TASK GOAL: Transcribe the entries below exactly, starting with the line that has "Кольцо из серебра с гранатом родированное" and stopping after the line that has "Aarohi Blockprinted Off"; no pictures belong in the copy.
*** RECORDS SUPPLIED
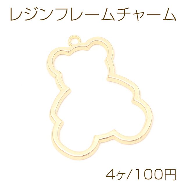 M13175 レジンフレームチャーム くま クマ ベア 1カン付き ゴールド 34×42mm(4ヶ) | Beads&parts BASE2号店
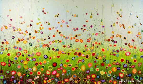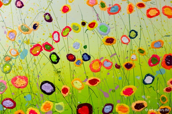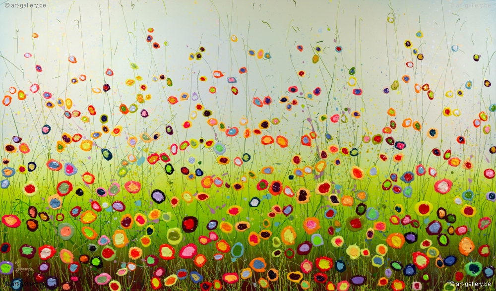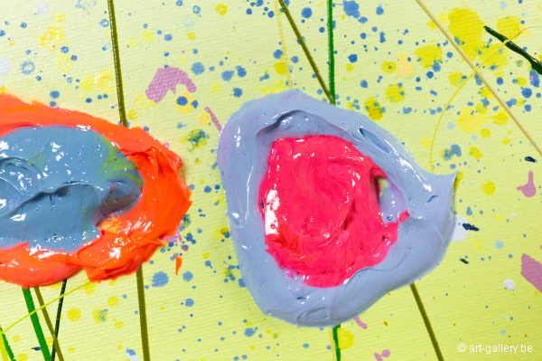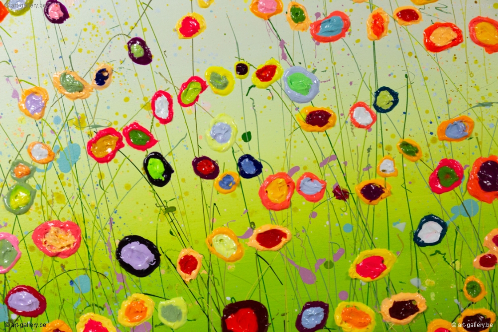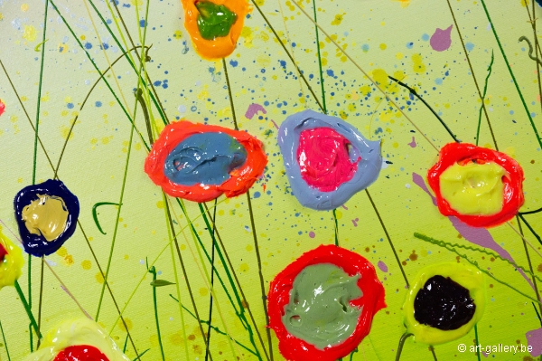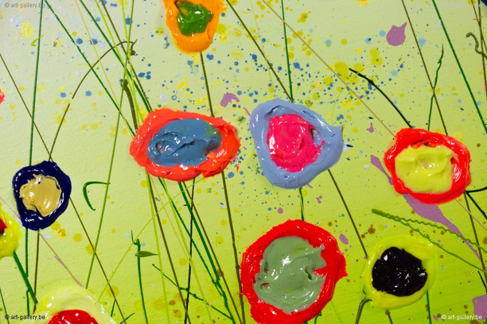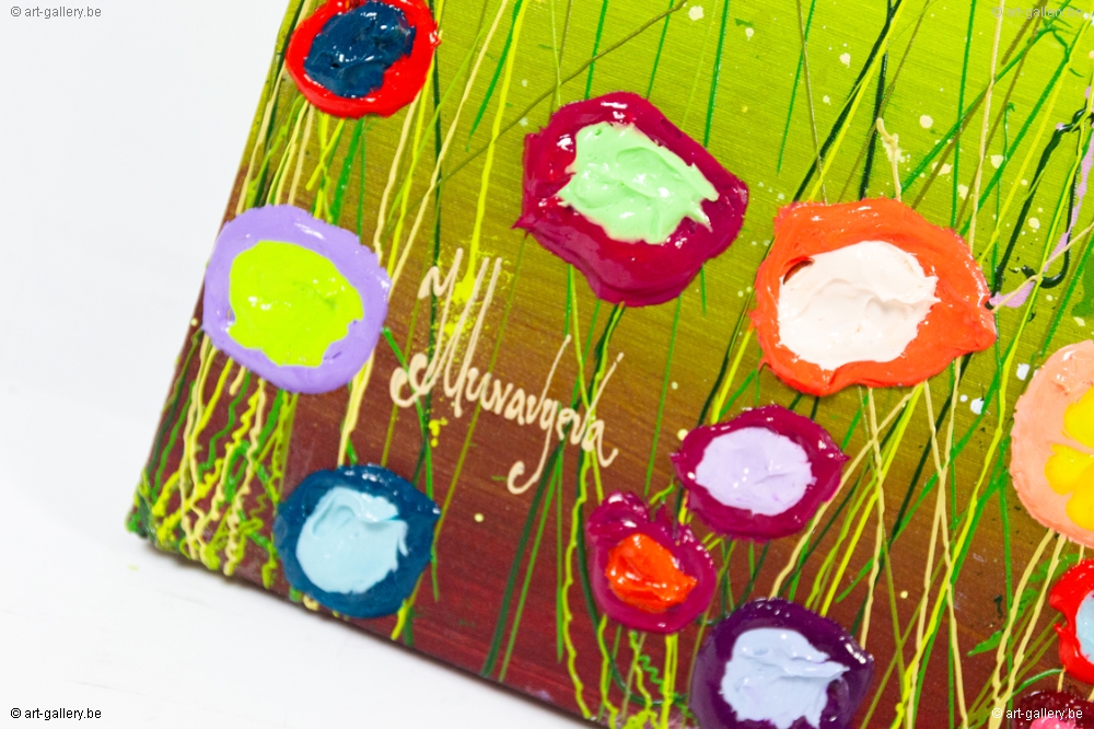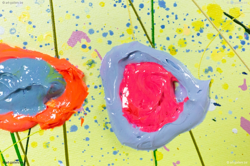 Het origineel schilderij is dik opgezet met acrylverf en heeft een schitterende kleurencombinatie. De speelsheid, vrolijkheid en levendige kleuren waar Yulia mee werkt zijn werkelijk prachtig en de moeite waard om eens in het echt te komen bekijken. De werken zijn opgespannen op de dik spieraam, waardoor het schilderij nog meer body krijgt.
******
*** RECORDS SUPPLIED
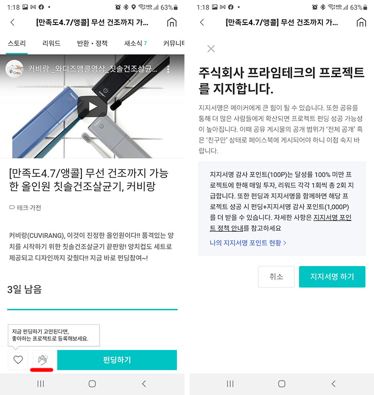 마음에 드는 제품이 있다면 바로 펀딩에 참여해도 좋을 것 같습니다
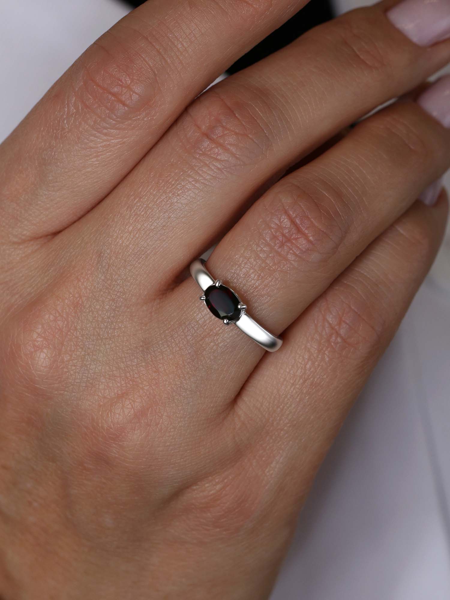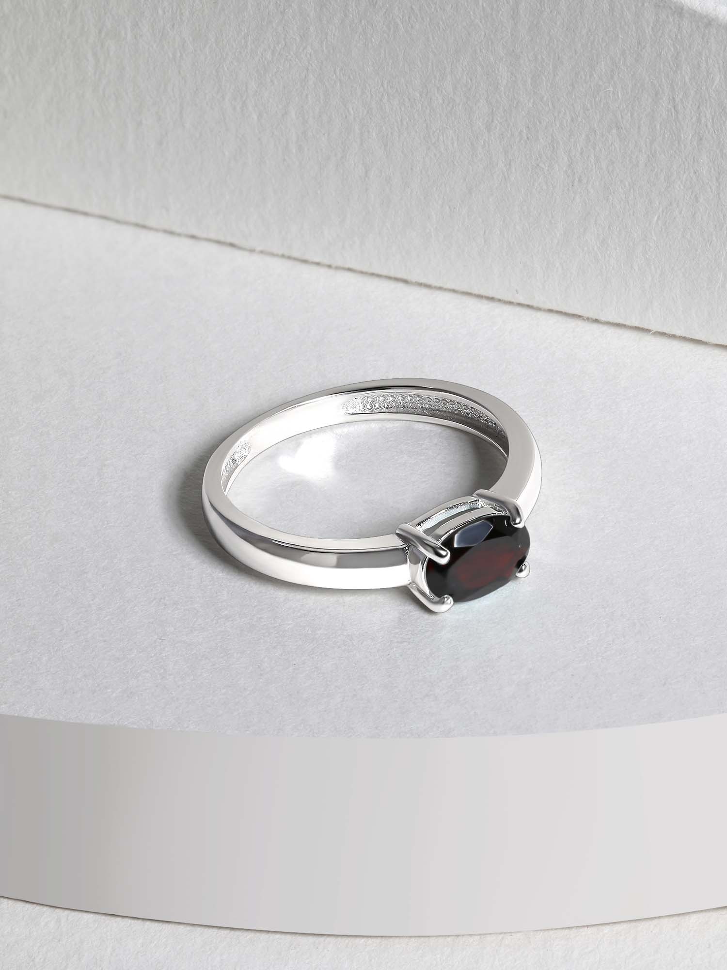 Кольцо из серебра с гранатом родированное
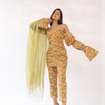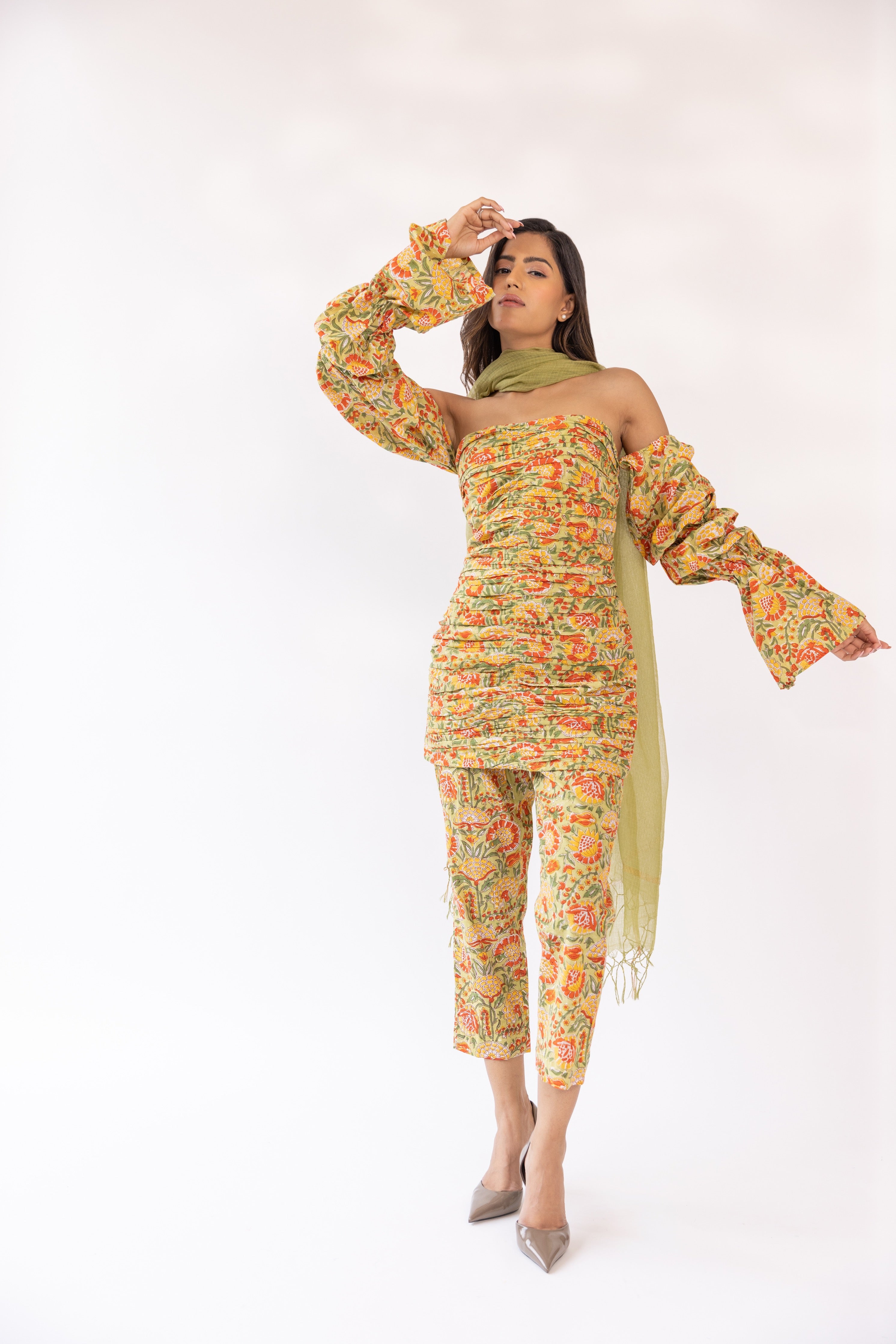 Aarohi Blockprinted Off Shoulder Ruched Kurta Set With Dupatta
******
EXERCISE RESULT:
 Кольцо из серебра с гранатом родированное
 Aarohi Blockprinted Off Shoulder Ruched Kurta Set With Dupatta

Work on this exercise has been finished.